Делабарта очень долго соображал, что именно ему сказали. Даже ложку отложил. Сообразив, блеснул глазами — карими, в отличие от пленителя, да и вообще вблизи они были не слишком похожи, только масть одна. Поджал губы, опустил голову.
— Кто-то из нас двоих не рыбак, — выдохнул марселец.
— А что вам так не понравилось? — спросил Дени. В конце концов, ты ловишь, тебя ловят…
— Со мной было шестеро солдат. Четверо были убиты в схватке. Двое только ранены, он велел их добить. Даже того, кто только вывихнул руки.
Да. То-то наш капитан ждал всего. Это даже по меркам северной границы немного слишком жестко. Впрочем…
— Полковник де Рэ — вильгельмианин. С севера. Он прибыл сюда позавчера. И узнал наши новости.

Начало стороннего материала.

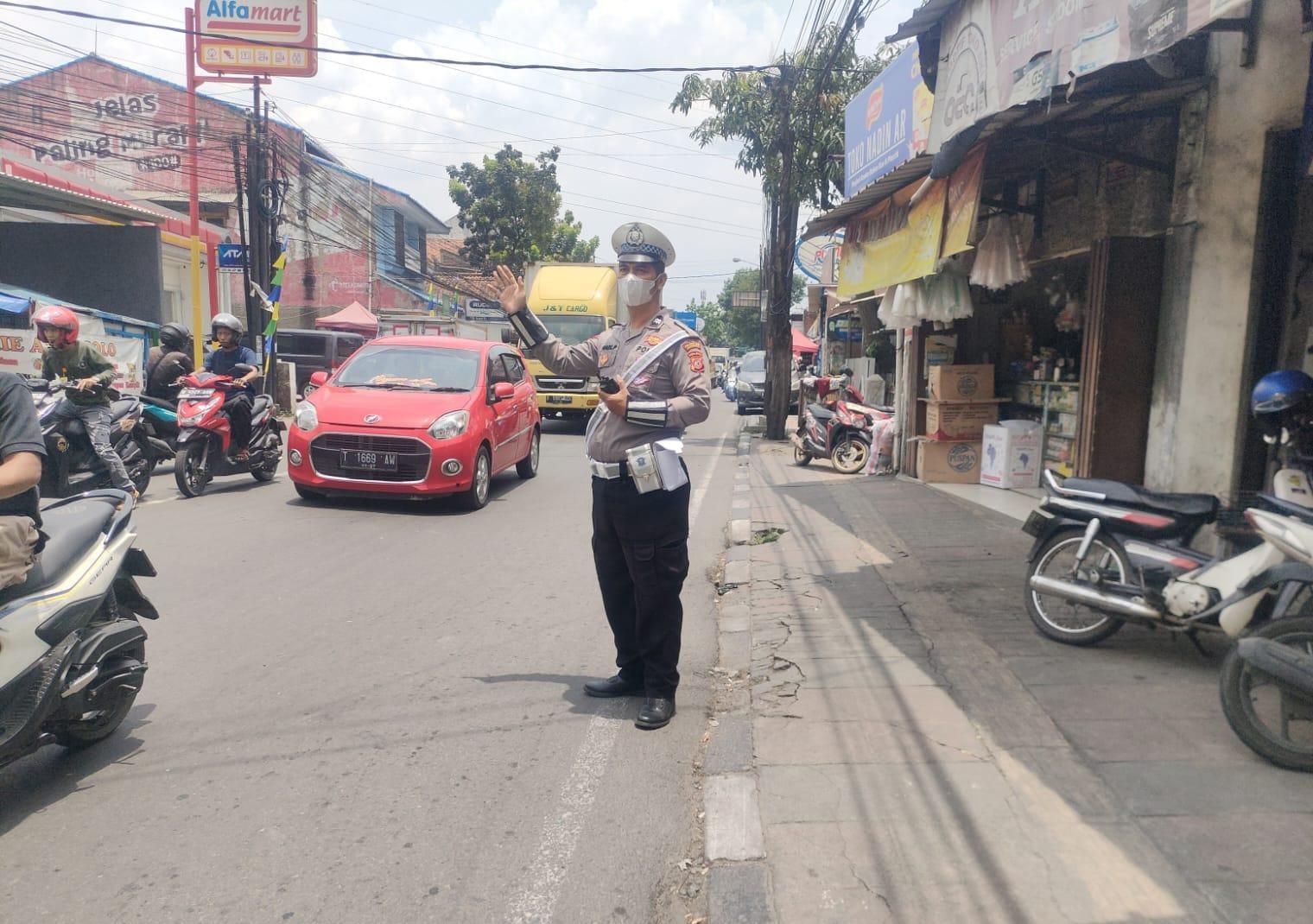 Polrestabes Bandung, Polda Jabar Polsek Babakan Ciparay Antisipasi kemacetan siang hari, Personil lalulintas Polsek Babakan Ciparay melaksanakan pengamanan jalur di titik rawan kemacetan Wilayah Hukum Polsek Babakan Ciparay Polrestabes Bandung.(29/9/2025)

Делабарта долго разглядывал сотрапезников, переводя взгляд с одного на другого. Да, ему должно быть, непонятно, как католик с вильгельмианином служат в одном штабе и превосходно уживаются между собой.
— Мой отец командует полком городской стра… — капитан прикусил язык, потом понял, что — поздно, проговорился. — Вы не понимаете. Это выглядело… плохо. Но было бы в десять раз хуже. Про Арль все слышали. Через день после того уже было назначено… вышла бы резня, в магистрате вовремя узнали — и ничего другого не успели.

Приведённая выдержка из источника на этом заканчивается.